Content design and learning principles

Once you have reviewed and critiqued your vault of content, you may need to define or refine content design principles. Do you have agile instructional design (ID) and experience design (XD) principles? Who is creating your content? Are there practices and processes for intake and content creation? Although there are vaults of off-the shelf learning out there from a range of providers, nothing hits the mark like custom-built learning that directly caters to the needs of your people.

Assessment methods

As learners engage learning material, you will need a way to show how they are progressing towards mastery. Are your learners able to self-direct, self-assess, and self-regulate when it comes to content? Are you empowering your users with personalized evaluations?
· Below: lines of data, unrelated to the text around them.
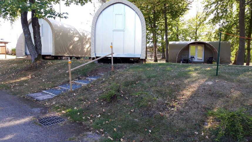 Bordering the grounds of a ruined medieval fortress, Camping Parc du Chateau is just over a kilometre from Epinal, the capital city of the Vosges department in Eastern France. The small site is welcoming with tidy flower beds, 36 grass pitches for touring units as well as attractive glamping units for rent, all separated by shrubs and mature trees. The site has its own pool (not heated) with sunbathing area and is accessible for those with reduced mobility. A short walk of 500 metres out of the campsite gates takes you to Parc de Château which has a small animal park, a children's play area and views over the city.
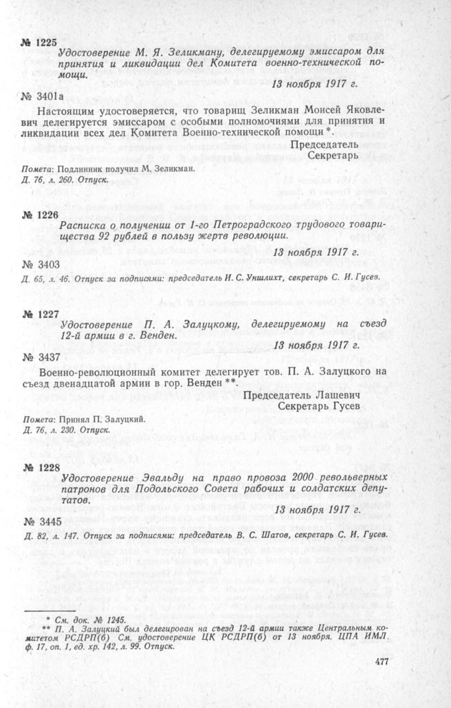 Удостоверение М. Я. Зеликману, делегируемому эмиссаром для принятия и ликвидации дел Комитета военно-технической помощи. 13 ноября 1917 г.
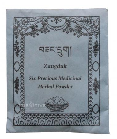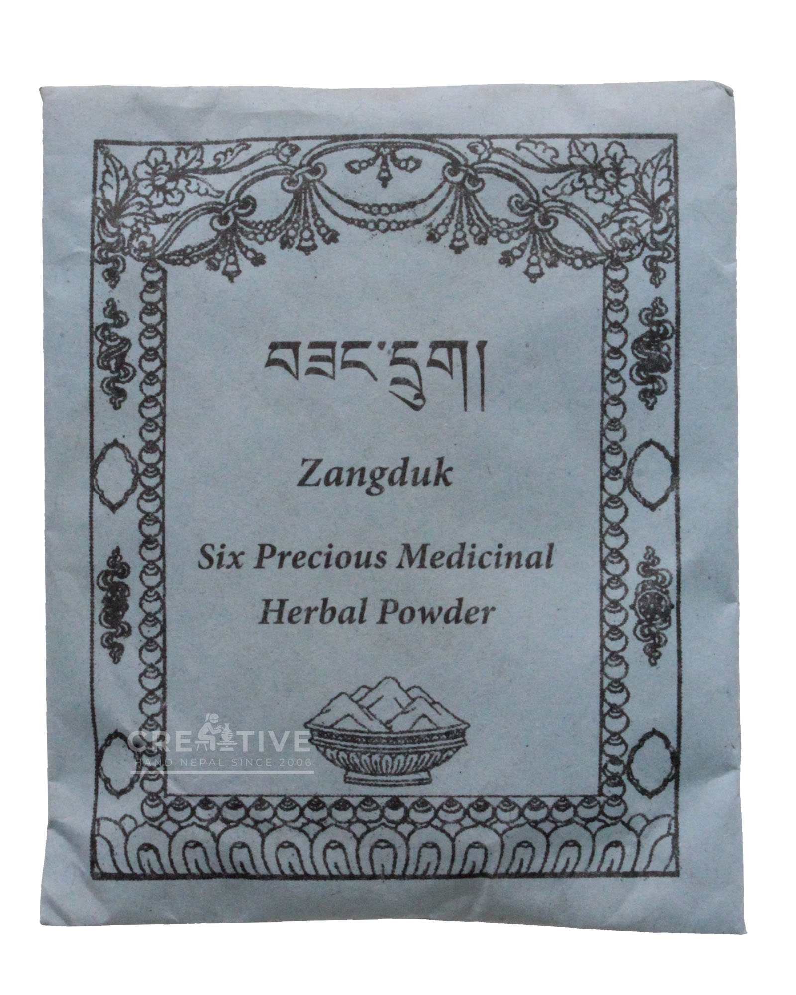 Zangduk Six Precious Medicinal Herbal Powder, Zangduk Six Good is a traditional Tibetan blend of six sacred ingredients used for consecration and purification. This herbal powder includes crushed cloves, nutmeg, green cardamom, black cardamom, saffron, and bamboo manna chugang. It is traditionally mixed with water to coat the inside of statues or used during fire offering rituals for spiritual cleansing and blessing.
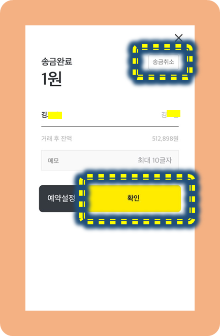 만약에 딱 이 화면에서 송금 취소를 원하시면 저 버튼을 눌러서 취소가 가능해요.
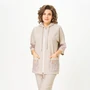 Жакет прямого силуэта. Застежка на молнию. По горловине капюшон на кулисе. По полочкам накладные карманы. Карманы, вставка рукава и капюшон выполнены из гипюра. Низ жакета на кулисе.

Can you identify skills gaps by comparing self-assessments with managerial reviews to identify areas of strength and weakness? Many organizations are even using assessment methods to recruit new hires from within the company.

Metrics and analysis

With success profiles, competency frameworks, content development principles and assessment methods in place, metrics complete the learning experience lifecycle. LXPs like Edcast let you see content activities in real time, give you group and channel analytics, and provide AI-augmented analytics. All of this empowers you to index your learning world and make intelligent, AI-driven learning recommendations when and where your people need them.

Tomorrow ready

With strong design and development principles, competency frameworks to benchmark and measure progress, and the ability to deliver learning in the flow of work, your people will move to the future seamlessly. These foundations apply to any learning program, no matter the technology you use to deliver your training.

Recent weeks have emphasized the need for individuals and organizations to be resilient and prepared for uncertainty. Transformations can be daunting, but with the right learning partnerships, you can be ready for whatever the future brings.